Like all markets, there's no shortage of things to eat, with Amazonian specialties such as grilled alligator, fatty steamed turtle eggs and palm tree grubs (grilled or stewed?) on offer. Otherwise, the consensus is that the city's most reliable address for regional cooking is Blanquita, a two-storey, homely diner where rib-sticking deliciousness rules. Sweet tamales. Fried rice bolstered with chicken and bacon. Pork sausages of remarkable juiciness. On the table: small bowls of rocoto, a chilli and onion condiment that makes everything taste better.

Rib-sticking deliciousness rules at Blanquita.
Rib-sticking deliciousness rules at Blanquita.Max Veenhuyzen

Our after-dinner entertainment consists of trishaw rides and drinks at the Refugio, a lively pub whose attractions include well-priced drinks, a psychedelic colour scheme and fast-moving locals that know how to make the most of the live cumbia band. Yet for all the people-watching pleasures of the Refugio, it's the Amazon's food rather than its footwork that brings us here.

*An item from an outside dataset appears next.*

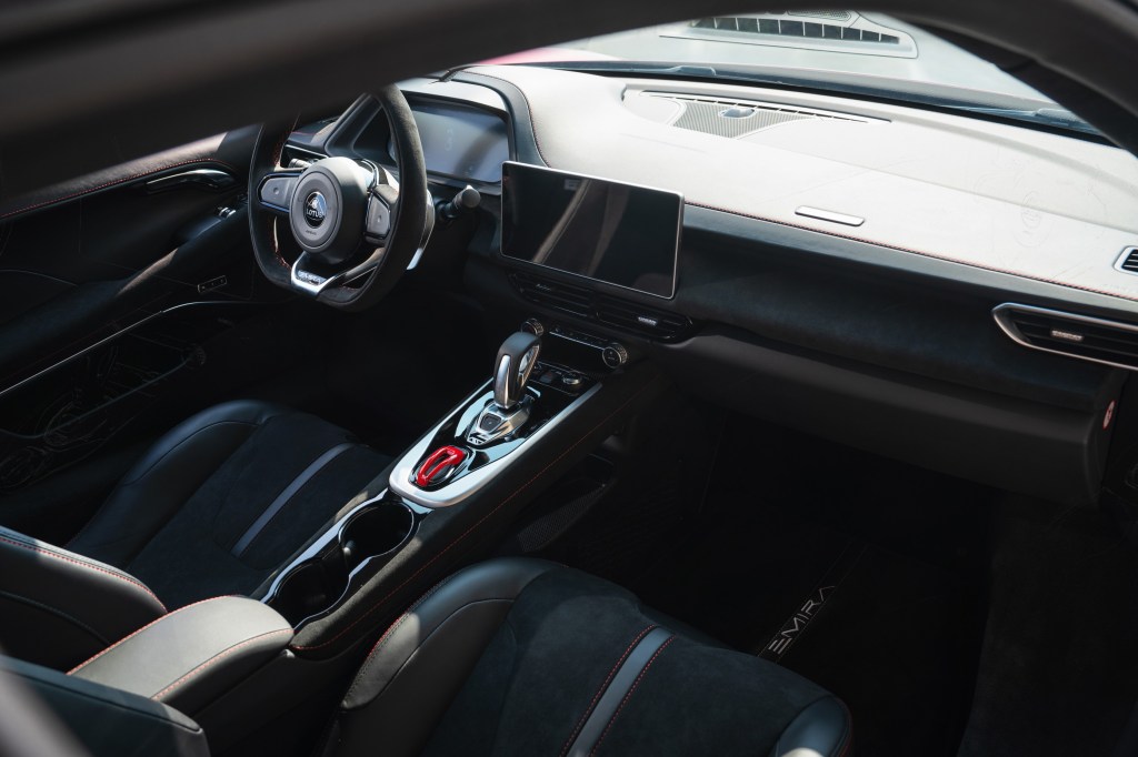 更強化其運動跑格的外觀設計,可見於Zinc Grey鋅灰色外觀車色、專為此車型打造的緞面灰色20吋V 輻鍛造鋁圈,搭以紅色剎車卡鉗、飾於車身C柱旁Emira Turbo SE車型銘牌飾板、多處選用黑色套件:圓形Logo、品牌字標與排氣管尾飾管等;內裝則選用 Alcantara 麂皮車頂,進一步提升車艙質感與競技氛圍。

Our primary destination is the Boras de Pucaurquillo, a Bora and Huitoto Indian community on the Ampiyacu river, one of the Amazon's many tributaries. Once adversaries, the Huitoto and Bora are now allies with intertribal marriage a more regular occurrence. The four-hour boat ride from Iquitos to the community is notable for its slowly shifting scenery, lack of mobile reception and relative speed (Zonfrillo tells me his first visit to the Amazon with Brazilian chef Alex Atala involved a 12-hour ride in metal, single-file, open-top canoe and lashings of heavy rain).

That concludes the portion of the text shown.